Project management, as it is generally understood, is the art of planning, organizing and managing the discrete and sometimes disparate pieces that will ultimately contribute toward the completion of a pre-defined whole. A stated beginning and conclusion to each project must be balanced against its scope and the budget by which the task as a whole is constrained. In the end, measurable goals or objectives are met that lend added value to an existing thing – be it a product or an intangible – or which result in an innovation.
Traditional project management can be applied to a great number of different fields. Best recognized among these are construction, manufacturing and information technology. The discipline of project management and its standards can also be applied to new product development and quality initiatives. Projects typically are conducted in rational, goal- or market-driven settings and tend to be linear or formulaic in their execution.
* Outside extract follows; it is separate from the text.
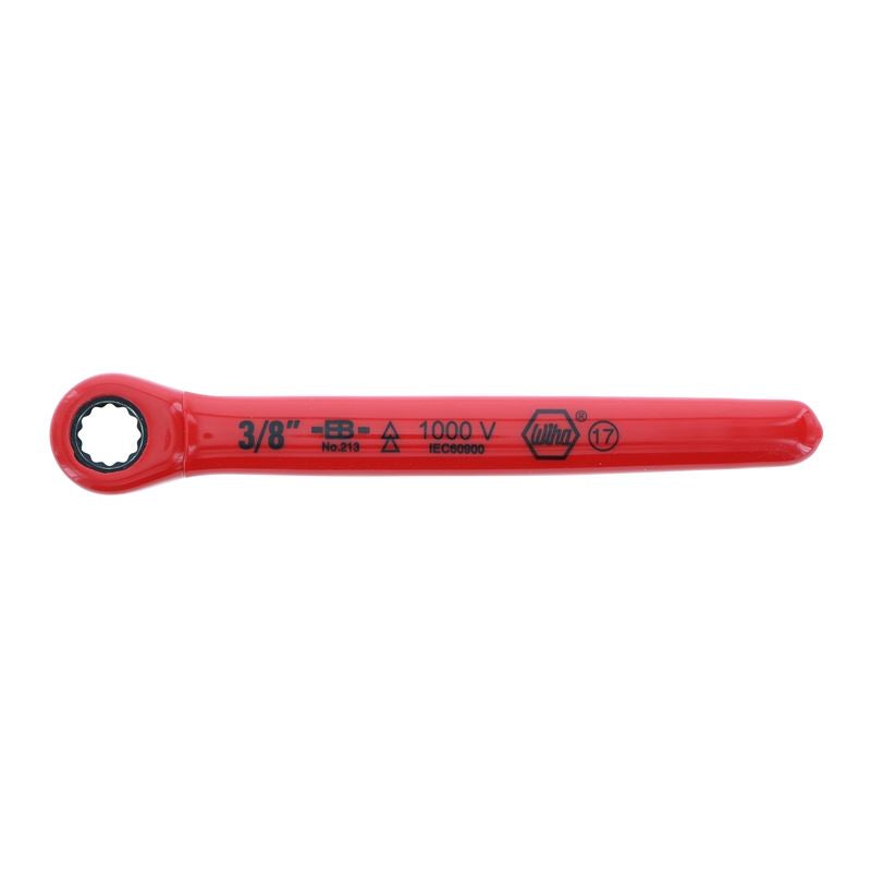 Insulated Ratchet Wrench 3/8in x 140mmInsulated 1000 Volt Rated 10,000 Volt Tested Meets ASTM F1505, EN/IEC 60900, NFPA-70E, CSA, VDE, Insulation specificationsProfessional Series Long Life InsulatedIndividual Inch & Metric Sizes & Sets12 Point Wrench, Precision GearedDouble Covered Insulation Red Over YellowGuaranteed Quality - Made In Germany

2. Why Research PM is Different
Research, by its definition, is different. If the outcome were predictable, there would be no need to conduct an experiment!
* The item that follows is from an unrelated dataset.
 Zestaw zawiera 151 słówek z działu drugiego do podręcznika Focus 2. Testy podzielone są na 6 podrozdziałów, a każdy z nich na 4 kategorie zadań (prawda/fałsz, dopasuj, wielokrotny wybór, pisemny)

The scientific method, as it is taught in classrooms, demands that observations be made. These, in turn, lead to the formulation of a hypothesis that might explain the phenomenon. The hypothesis can be used to predict other phenomena, all of which can be systematically tested for through experimentation. Finally, the results must be repeatable. If they cannot be duplicated, they are not considered valid.
The scientific method, however, conflicts with the most basic tenets of project management. There is not necessarily a predictable start. When might an interesting specimen be observed? Under what conditions might an anomaly occur? Could the discovery of and subsequent work surrounding Ardipithecus ramidus have been budgeted for a year in advance? There is no predictable end. If Bacillus subtilis doesn’t express the desired protein, the scientist might need to tryother host strains that might do the job.
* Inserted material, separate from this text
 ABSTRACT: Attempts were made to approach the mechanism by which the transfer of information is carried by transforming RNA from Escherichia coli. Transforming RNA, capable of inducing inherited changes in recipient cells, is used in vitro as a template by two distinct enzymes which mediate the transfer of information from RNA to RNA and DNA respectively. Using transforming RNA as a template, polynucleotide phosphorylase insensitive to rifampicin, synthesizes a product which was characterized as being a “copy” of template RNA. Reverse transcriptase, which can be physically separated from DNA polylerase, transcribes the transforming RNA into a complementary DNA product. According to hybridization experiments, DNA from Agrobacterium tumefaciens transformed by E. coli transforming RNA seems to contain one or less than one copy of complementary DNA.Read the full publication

If this phase reaps the desired reward, then publication and peer review may follow. The results may be validated or the project may be scrapped. Exhausting a grant doesn’t necessarily dictate project termination; it is a “given” that a determined researcher will either apply for an extension or to seek out a new source of funding for the continuation of the work.
In between the start and the end, there is the uncertainty of when – or if – inspiration and serendipity may coincide. The outcome – let alone the output – is dubious.
Research creates or builds on either new knowledge or through disruptive innovation. Research Project Management seeks to facilitate these endeavors while mitigating unjustifiable risk. Yet, to a traditional project management practitioner, Research PM appears to involve either ill-defined or excessively broad scope. Funding can be conditional or its sources unstable. There are variables to contend with at each of the multiple steps throughout the project. Novel tasks, even some requiring a sub-project to invent a device or methodology to test, manipulate or otherwise accomplish the step, can be required. Much of the work is dependent on the kinds of if/then decision trees cited above. The higher levels of uncertainty that – while customary, accepted and even embraced in the scientific setting – would constitute unacceptable risk in most business settings.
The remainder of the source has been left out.